1. A method of using a group of microbes to determine a health condition in a human subject, wherein the group of microbes comprises: wherein at least one of the pro-health indicator microbes is selected from the group consisting of Prevotella copri, Blastocystis spp., Haemophilus parainfluenzae, Firmicutes bacterium CAG 95, Bifidobacterium animalis, Oscillibacter sp 57 20, Roseburia sp CAG 182, Veillonella dispar, Eubacterium eligens, Firmicutes bacterium CAG 170, Rothia mucilaginosa, Veillonella infantium, Roseburia hominis, Oscillibacter sp PC13, Clostridium sp CAG 167, Ruminococcaceae bacterium D5, Paraprevotella xylaniphila, Faecalibacterium prausnitzii, Romboutsia ilealis, and Veillonella atypica; and wherein at least one of the poor health indicator microbes is selected from the group consisting of Eubacterium ventriosum, Roseburia inulinivorans, Clostridium spiroforme, Clostridium bolteae CAG 59, Eggerthella lenta, Clostridium bolteae, Collinsella intestinalis, Clostridium innocuum, Blautia obeum, Clostridium symbiosum, Clostridium sp CAG 58, Blautia hydrogenotrophica, Anaerotruncus colihominis, Ruminococcus gnavus, Flavonifractor plautii, Clostridium leptum, Ruthenibacterium lactatiformans, and Escherichia coli;

at least two pro-health indicator microbes; or

at least two poor health indicator microbes; or

at least two pro-health indicator microbes and at least two poor health indicator microbes;

wherein the method comprises: obtaining a biological sample from the human subject; and detecting the presence, absence, or abundance of the at least two pro-health indicator microbes and/or the at least two poor health indicator microbes in the biological sample.

2. (canceled)

3. The method of claim 1, further comprising:

identifying in the biological sample at least 10, at least 20, at least 30, at least 40, at least 50, at least 60, at least 70, at least 80, at least 90, at least 100, at least 125, at least 150, at least 175, at least 200, or more than 200 different microbes in the biological sample; and

determining the health condition of the human subject based on presence, absence, and/or absolute or relative abundance of the identified microbes in the biological sample.

4. The method of claim 1, comprising analyzing the biological sample to determine presence, absence, or abundance of:

at least three pro-health indicator microbes;

at least five pro-health indicator microbes;

at least ten pro-health indicator microbes; or

more than 10 listed pro-health indicator microbes.

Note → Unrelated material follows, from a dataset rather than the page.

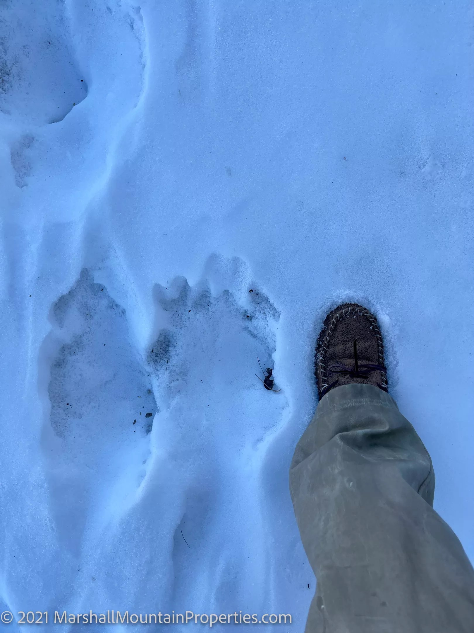 A potential wolf print pictured next to Charlie Marshall’s foot.

5. The method of claim 1, comprising analyzing the biological sample to determine presence, absence, or abundance of:

at least three poor health indicator microbes;

at least five poor health indicator microbes;

at least ten poor health indicator microbes; or

more than 10 listed poor health indicator microbes.

6. The method of claim 1, wherein the group of microbes comprises Clostridium innocuum, C. symbiosum, C. spiroforme, C. leptum, and C. saccharolyticum.

7. The method of claim 1, wherein the group of microbes comprises P. copri and Blastocystis spp.

8. The method of claim 1, wherein the health condition comprises at least one of: overall good health, overall poor health, obesity, BMI, diabetes risk, cardiometabolic risk, cardiovascular disease risk, or postprandial response to food intake.

9. The method of claim 1, wherein the biological sample from the human subject is a microbiome sample from the human subject.

10. The method of claim 1, wherein the detecting comprises one or more of:

sequencing one or more nucleic acids of a pro-health or poor health microbe,

hybridizing a nucleic acid probe to a nucleic acid of a pro-health or poor health microbe,

detecting one or more proteins from a pro-health or poor health microbe, or

measuring activity of one or more proteins a pro-health or poor health microbe.

11. The method of claim 9, wherein the detecting comprises shotgun metagenomics.

12. The method of claim 1, wherein the biological sample comprises a stool sample.

13. A method of predicting a health condition in a subject, comprising: wherein at least one of the pro-health indicator microbes is selected from the group consisting of Prevotella copri, Blastocystis spp., Haemophilus parainfluenzae, Firmicutes bacterium CAG 95, Bifidobacterium animalis, Oscillibacter sp 57 20, Roseburia sp CAG 182, Veillonella dispar, Eubacterium eligens, Firmicutes bacterium CAG 170, Rothia mucilaginosa, Veillonella infantium, Roseburia hominis, Oscillibacter sp PC13, Clostridium sp CAG 167, Ruminococcaceae bacterium D5, Paraprevotella xylaniphila, Faecalibacterium prausnitzii, Romboutsia ilealis, and Veillonella atypica; and wherein at least one of the poor health indicator microbes is selected from the group consisting of Eubacterium ventriosum, Roseburia inulinivorans, Clostridium spiroforme, Clostridium bolteae CAG 59, Eggerthella lenta, Clostridium bolteae, Collinsella intestinalis, Clostridium innocuum, Blautia obeum, Clostridium symbiosum, Clostridium sp CAG 58, Blautia hydrogenotrophica, Anaerotruncus colihominis, Ruminococcus gnavus, Flavonifractor plautii, Clostridium leptum, Ruthenibacterium lactatiformans, and Escherichia coli.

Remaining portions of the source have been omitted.